Google has repeatedly reported on its efforts over the previous ten years to remove links to content it deems to be pirated from its search results; most recently, the total number of takedowns Google has reported on has surpassed 6 billion.
It’s a significant achievement that, according to Torrent Freak, demonstrates how Google “is slowly but surely portraying itself as a willing participant in the anti-piracy fight,” even though copyright infringement cannot be completely eliminated.
In 1998, Google’s gradual transformation into a leader in the fight against piracy accelerated. At that time, the Federal Communications Commission granted online service providers like Google safe harbour, shielding them from claims of copyright infringement involving content from third parties, with the requirement that the providers disclose information on any users who may have violated any laws.
However, it appeared that Google wasn’t going far enough a decade later in 2009, and the FCC once more stepped in as a result of news publishers criticising Google and others.
Publishers at the time claimed that service providers were making money off of ads placed next to links from aggregators and scrapers, who were charged with stealing and republishing news information without authorization.
When the problem first emerged, Google vowed to fix it by making it simpler for copyright holders to flag unlawful content in search results.
In 2010, it then released its first transparency report, but that document only contained data on government takedown requests. Two years later, Google updated its report, “offering information on who sends us copyright removal letters, how often, on behalf of which copyright owners and for which websites,” and “counting every takedown notice that we received.”
In 2018, Google made the decision to take things a step further by developing a preemptive blocklist. A total of 6 billion URLs were delisted as a result of that action, which prevented copyright-infringing URLs from ever being indexed in search results.
4 041,845 distinct domain names were detected by 326,575 copyright holders, according to Torrent Freak, totaling 6 billion takedowns since 2012. But not every report was reliable. A list of “false positive” reported domains included Torrent Freak as well as “websites of the White House, the FBI, Disney, Netflix, and the New York Times.”
The goal of Google’s efforts to be more open about takedowns over the past ten years, according to senior copyright counsel Fred von Lohmann, was to assist guide policy decisions as the Internet developed, he said in a blog post in 2012.
We hope that these data will add to the conversation as politicians and Internet users throughout the world weigh the benefits and drawbacks of various solutions to the issue of online copyright infringement, stated Lohmann.
When Ars asked Google to comment on the political implications of its transparency reports, they did not react right away.
In order to increase transparency, Google works with Lumen to track all of its takedown notifications. According to Adam Holland, project manager at Lumen, Google submits more data than any of its other partners, including Twitter, Wikipedia, and Reddit.
The majority of requests for Google data, according to Holland, come from academics looking to analyse long-term trends, as well as media outlets and non-governmental organisations, though rarely policymakers.

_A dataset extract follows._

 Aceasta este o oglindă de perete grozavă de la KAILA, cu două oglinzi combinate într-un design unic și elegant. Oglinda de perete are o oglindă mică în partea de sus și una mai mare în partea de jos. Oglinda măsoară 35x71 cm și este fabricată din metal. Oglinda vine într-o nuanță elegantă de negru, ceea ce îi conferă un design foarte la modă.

Holland told Ars, “We don’t actually get a lot of attention directly from lawmakers. “That disappoints me personally, but that’s the truth,” Holland recently revealed, however, that Lumen has started assisting European Union regulators as they strive to put new transparency rules for online service providers included in its recently passed Digital Services Act into effect.

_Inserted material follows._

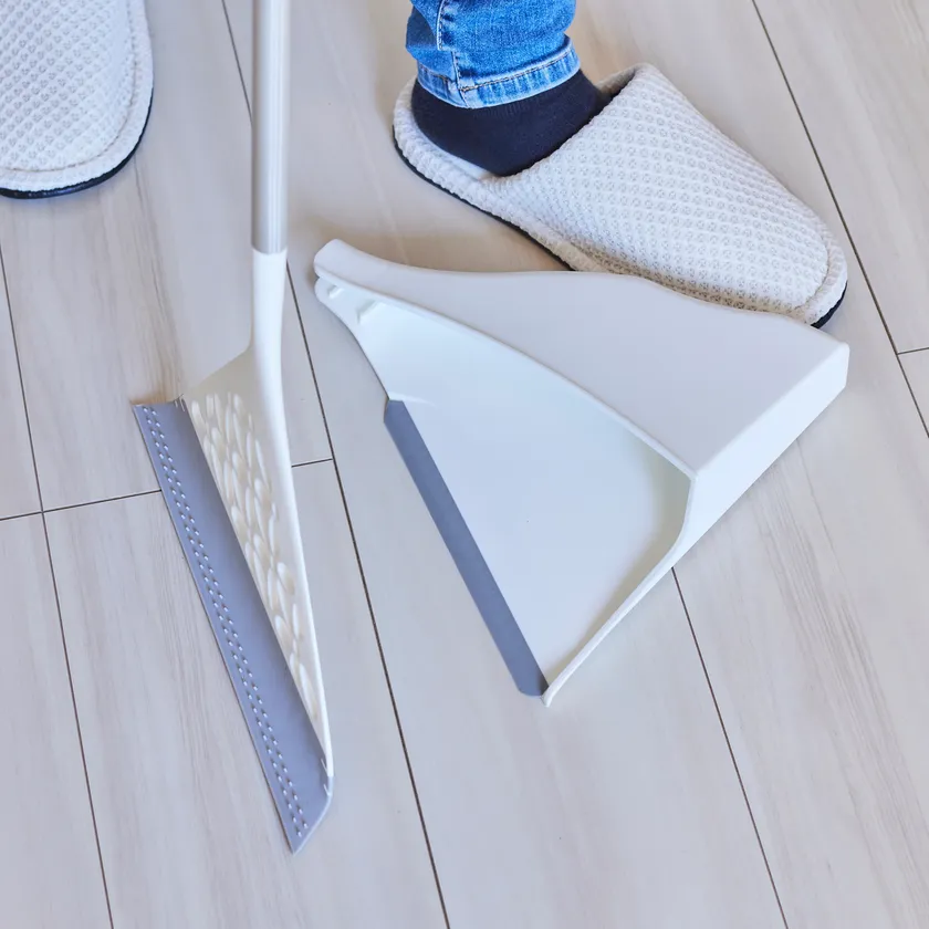 ラバーワイパー『Luotta(ルオッタ)』の一番の特徴は、なんといっても「掃き残し」の少なさです。それを可能にするのが、柔軟なワイパー部と先端のエッジ。ワイパー部のしなりと先端エッジの効果で床とのスキマがなくなり細かなチリやホコリの掃き残しを防いでくれます。

Lumen’s main objective, as an impartial data source, is not to affect policy, though. According to Holland, Lumen only has one position on the subject: opposing web service providers’ invisible takedowns.

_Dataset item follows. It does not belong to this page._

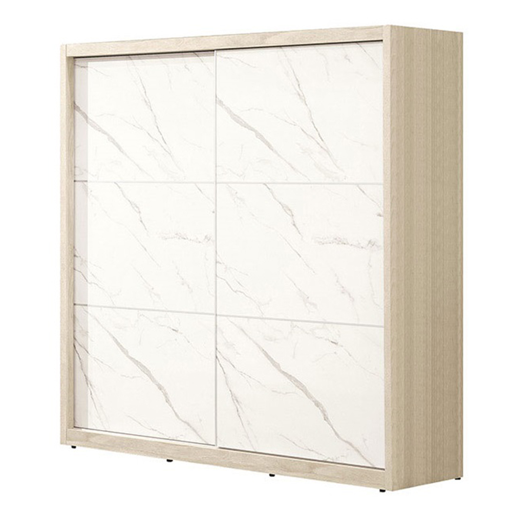 床台為專利五金木心板材質,6尺推門衣櫃門片採用魚肚白大理石耐磨美那皿面板 .

This is because “[o]ur unofficial motto is good policy demands good data,” Holland told Ars. And due to its extensive global presence, Google continues to be the main source of Lumen data.
The main advantage of Google’s research, according to Harvard Law School copyright expert Rebecca Tushnet, is that it would demonstrate to lawmakers how challenging it is for service providers to categorise information.
Tushnet warned lawmakers when advising the US Senate Committee on the Judiciary Subcommittee on Intellectual Property in 2020, and he most recently told Ars that reports like Google’s demonstrate how scammers will find inventive ways to take advantage of any avenues created for reporting infringing content by “doing their very best to mimic people who have valid claims.”
Unfortunately, Tushnet told Ars, “I’m not sure [Google’s transparency reporting] has changed policy.” The best use of transparency reports, in my opinion, is to demonstrate how challenging this is and how, even if you remove infringing content 99.9% of the time, you’re still going to be wrong a lot.